Data shown: Begin
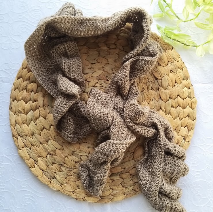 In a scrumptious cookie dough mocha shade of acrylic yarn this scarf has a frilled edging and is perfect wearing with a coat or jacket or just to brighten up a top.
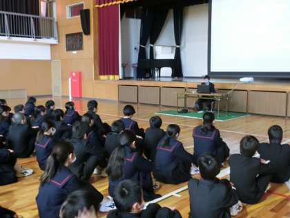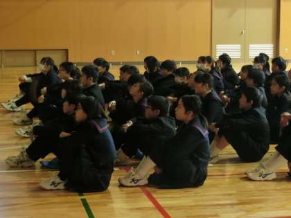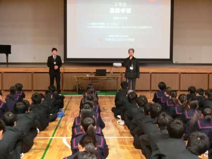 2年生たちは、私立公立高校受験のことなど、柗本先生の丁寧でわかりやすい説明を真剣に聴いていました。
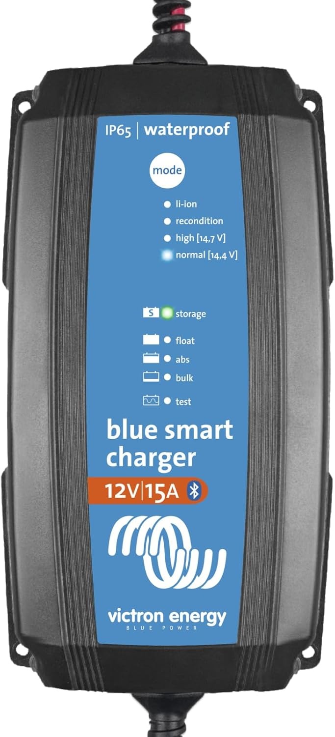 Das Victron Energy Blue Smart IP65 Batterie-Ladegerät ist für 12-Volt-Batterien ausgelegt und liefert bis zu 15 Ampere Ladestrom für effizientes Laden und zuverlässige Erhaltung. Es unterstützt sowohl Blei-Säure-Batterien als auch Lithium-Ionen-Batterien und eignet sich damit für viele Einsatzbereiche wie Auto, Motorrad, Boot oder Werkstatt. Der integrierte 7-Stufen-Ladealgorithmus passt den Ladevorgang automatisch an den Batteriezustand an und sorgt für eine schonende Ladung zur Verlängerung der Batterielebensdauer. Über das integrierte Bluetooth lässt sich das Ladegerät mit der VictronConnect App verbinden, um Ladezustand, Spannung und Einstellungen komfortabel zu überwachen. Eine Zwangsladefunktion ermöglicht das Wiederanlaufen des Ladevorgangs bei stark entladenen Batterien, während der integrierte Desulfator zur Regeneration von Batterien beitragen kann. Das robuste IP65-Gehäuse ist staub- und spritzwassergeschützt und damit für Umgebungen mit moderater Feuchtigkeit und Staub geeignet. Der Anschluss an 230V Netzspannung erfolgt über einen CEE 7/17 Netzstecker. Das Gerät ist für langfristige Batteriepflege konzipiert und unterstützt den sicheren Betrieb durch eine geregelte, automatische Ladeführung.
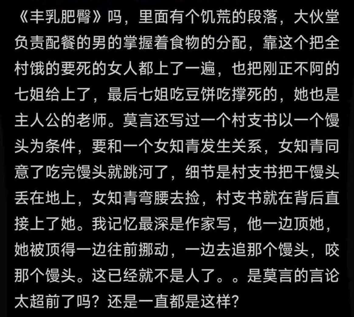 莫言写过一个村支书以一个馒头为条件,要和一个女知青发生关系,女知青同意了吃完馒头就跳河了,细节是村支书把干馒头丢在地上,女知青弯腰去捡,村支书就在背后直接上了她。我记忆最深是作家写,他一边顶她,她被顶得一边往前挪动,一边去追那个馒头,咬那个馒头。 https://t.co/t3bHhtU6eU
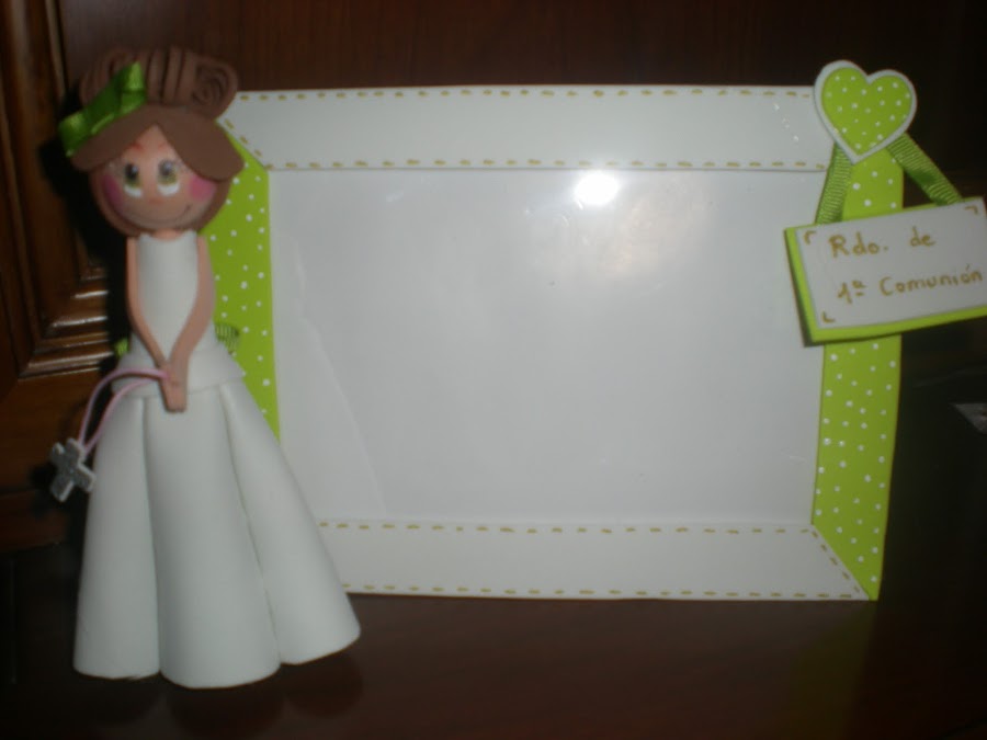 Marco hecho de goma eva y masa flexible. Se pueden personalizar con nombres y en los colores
Data shown: End
Data shown: Begin
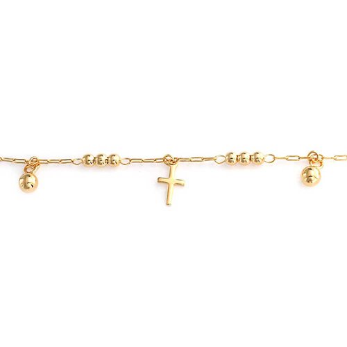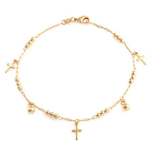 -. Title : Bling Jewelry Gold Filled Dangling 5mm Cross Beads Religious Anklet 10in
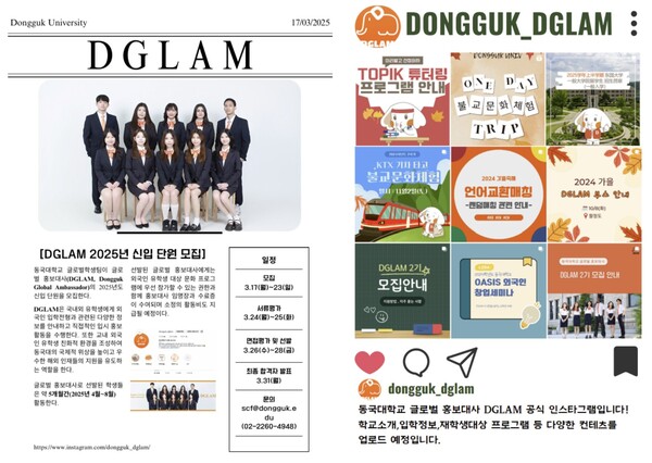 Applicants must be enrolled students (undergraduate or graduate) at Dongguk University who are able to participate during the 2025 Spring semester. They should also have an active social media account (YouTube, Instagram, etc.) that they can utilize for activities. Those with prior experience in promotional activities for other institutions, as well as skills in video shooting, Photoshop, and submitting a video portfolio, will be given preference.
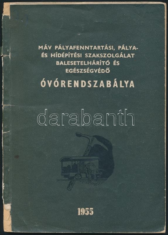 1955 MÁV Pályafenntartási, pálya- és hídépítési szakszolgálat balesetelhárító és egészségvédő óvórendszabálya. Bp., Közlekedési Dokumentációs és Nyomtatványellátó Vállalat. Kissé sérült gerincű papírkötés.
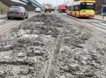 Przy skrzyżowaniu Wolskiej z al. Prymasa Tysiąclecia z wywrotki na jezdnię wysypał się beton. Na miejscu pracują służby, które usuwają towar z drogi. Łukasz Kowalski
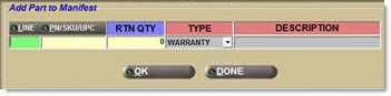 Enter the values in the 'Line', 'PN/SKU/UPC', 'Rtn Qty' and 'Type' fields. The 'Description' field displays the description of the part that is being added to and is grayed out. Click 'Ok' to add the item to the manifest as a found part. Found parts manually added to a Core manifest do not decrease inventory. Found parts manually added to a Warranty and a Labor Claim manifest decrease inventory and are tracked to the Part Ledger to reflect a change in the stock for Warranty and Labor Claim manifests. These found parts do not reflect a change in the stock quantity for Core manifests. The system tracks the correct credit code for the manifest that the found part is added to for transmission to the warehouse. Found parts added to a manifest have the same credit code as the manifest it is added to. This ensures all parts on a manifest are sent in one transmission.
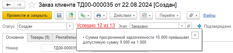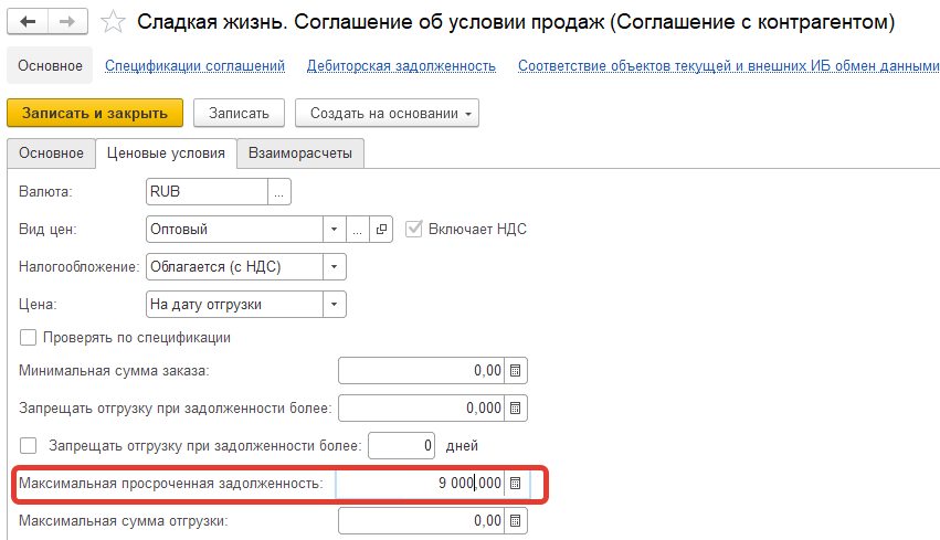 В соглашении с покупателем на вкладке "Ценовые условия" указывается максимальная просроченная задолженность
Data shown: End
Data shown: Begin
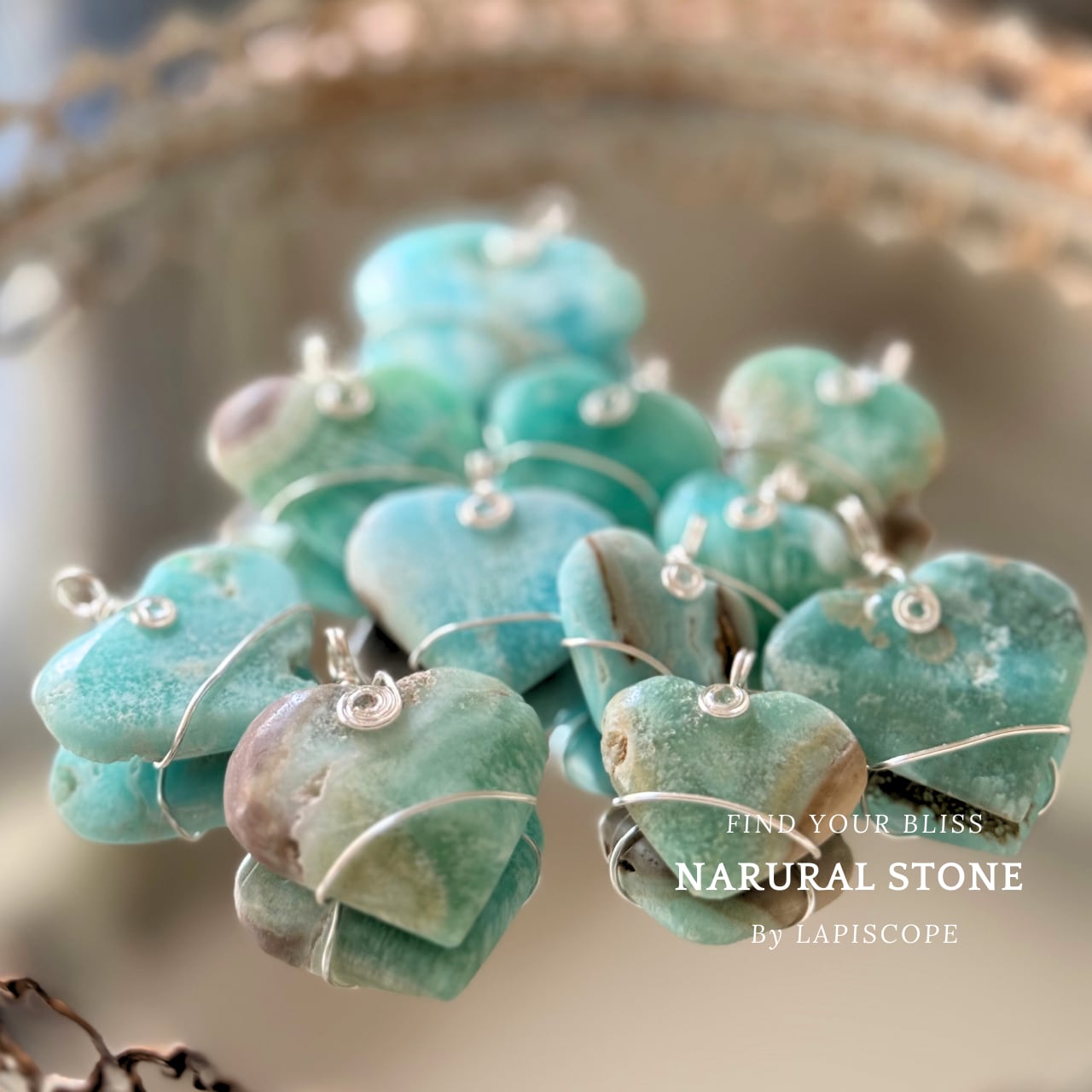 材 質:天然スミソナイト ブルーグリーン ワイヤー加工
Data shown: End
▶ **Task**: Now transcribe the lines above exactly, starting at the line containing "莫言写过一个村支书以一个馒头" and ending at the line containing "Marco hecho de", both lines included, pictures excluded.

▶ **Solution**:
 莫言写过一个村支书以一个馒头为条件,要和一个女知青发生关系,女知青同意了吃完馒头就跳河了,细节是村支书把干馒头丢在地上,女知青弯腰去捡,村支书就在背后直接上了她。我记忆最深是作家写,他一边顶她,她被顶得一边往前挪动,一边去追那个馒头,咬那个馒头。 https://t.co/t3bHhtU6eU
 Marco hecho de goma eva y masa flexible. Se pueden personalizar con nombres y en los colores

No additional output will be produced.